В этой статье профессор М.Л. Пятов (СПбГУ) обсуждает с нашими читателями положения знаменитой «Голубой книги» Л. Витгенштейна - философа, к работам которого мы уже обращались в наших занимательных разговорах о бухгалтерском учете. Сегодня Людвиг Витгенштейн дает нам еще один повод убедиться, что все великие авторы писали о бухгалтерском учете и о бухгалтерах. А нам остается только внимательно читать их работы.

Содержание

Вспоминая «Логико-философский трактат»

Мы с вами, дорогие читатели, посвятили достаточно времени разговору о бухгалтерском учете как элементе культуры, об участии бухгалтерских идей в социокультурном цикле, формирующем окружающее нас понятийное пространство*. И если вы помните, к этому разговору нас подтолкнул «Логико-философский трактат» Людвига Витгенштейна (1889-1951) - одного из самых знаменитых и влиятельных философских произведений двадцатого века**.

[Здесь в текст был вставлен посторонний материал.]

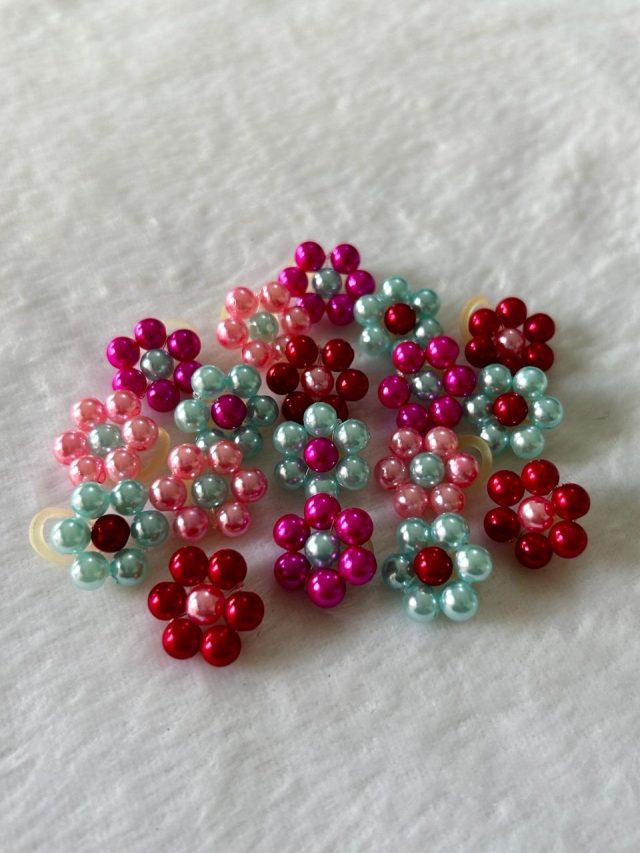 - FLORZINHA FEITA COM PÉROLAS COLORIDAS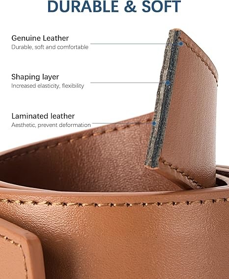 Easy to Use: Loosen and tighten as needed in a second. Just slide the belt into the buckle and pull the leather belt through, the buckle simply auto locks the belt, releasing the buckle by simply shifting the small lever. Cuttable Design: Do You always had issues with belt buckles digging into and always being too big or too small? this leather belt for men come with a long leather belt strap that has lines and sizes so you can cut for optimum length.

Примечание: * Читайте статьи профессора М.Л. Пятова по данной теме в № 6 (июнь), стр. 40, в № 4 (апрель), стр. 35, в № 3 (март), стр. 38 «БУХ.1С» за 2015 год и в № 11 (ноябрь), стр. 40 «БУХ.1С» за 2014 год.
** Читайте статьи профессора М.Л. Пятова по данной теме в № 7 (июль), стр. 40, в № 6 (июнь), стр. 38 «БУХ.1С» за 2014 год. 

Эта удивительная книга великого философа посвящена вопросу о возможности передачи содержания любого факта (в том числе факта хозяйственной жизни) посредством языка как комплекса символов, находящихся в определенном соотношении с обозначаемыми ими объектами.

Для бухгалтерского учета как языка, как набора символов, представляющих факты хозяйственной жизни - это вопрос чрезвычайно важный. Мы утверждаем, что составляемая бухгалтером проводка отражает определенный хозяйственный факт, что, например, бухгалтерский баланс как модель фирмы отражает ее финансовое положение на определенный момент времени. Но так ли это? Существует ли вообще способность определенным символом, знаком - словом в речи, проводкой в учете - передать подлинное содержание представляемого объекта. Достаточно ли здесь добиться стройности логики нашего «словаря», договориться об однозначности используемой терминологии? Или на самом деле проблема гораздо сложнее? Может быть, соответствие знака своему объекту недостижимо в принципе и следует говорить только об определенной степени такого соответствия?

Давайте вспомним. В своем знаменитом «Введении» к «Логико-философскому трактату» Витгенштейна Б. Рассел (1872-1970) писал, что автор исследует «принципы символики и отношений, необходимо имеющих место между словами и вещами в любом языке» ([1], стр. 11). «Чтобы понять книгу м-ра Витгенштейна, - продолжал он, - необходимо осознать проблему, которая его занимает. ... он рассматривает условия, которые должны были бы соблюдаться логически совершенным языком. Относительно языка существуют различные проблемы. Во-первых, существует проблема, возникающая в нашем сознании всякий раз, когда мы используем язык с намерением выразить что-то посредством него; эта проблема принадлежит психологии. Во-вторых, существует проблема отношения мыслей, слов или предложений к тому, что они обозначают или означают; эта проблема принадлежит эпистемологии. В-третьих, существует проблема - как употреблять предложения так, чтобы выражать истину, а не ложь: она принадлежит специальным наукам, изучающим предметы рассматриваемых предложений. В-четвертых, имеется вопрос: в каком отношении один факт (такой, как предложение) должен находится к другому, чтобы он мог быть символом этого другого факта. Этот последний вопрос есть вопрос логики, и им то и занимается м-р Витгенштейн. Он рассматривает условия точной символики, то есть символики, в которой любое предложение "означает" нечто вполне определенное» ([1], стр. 11).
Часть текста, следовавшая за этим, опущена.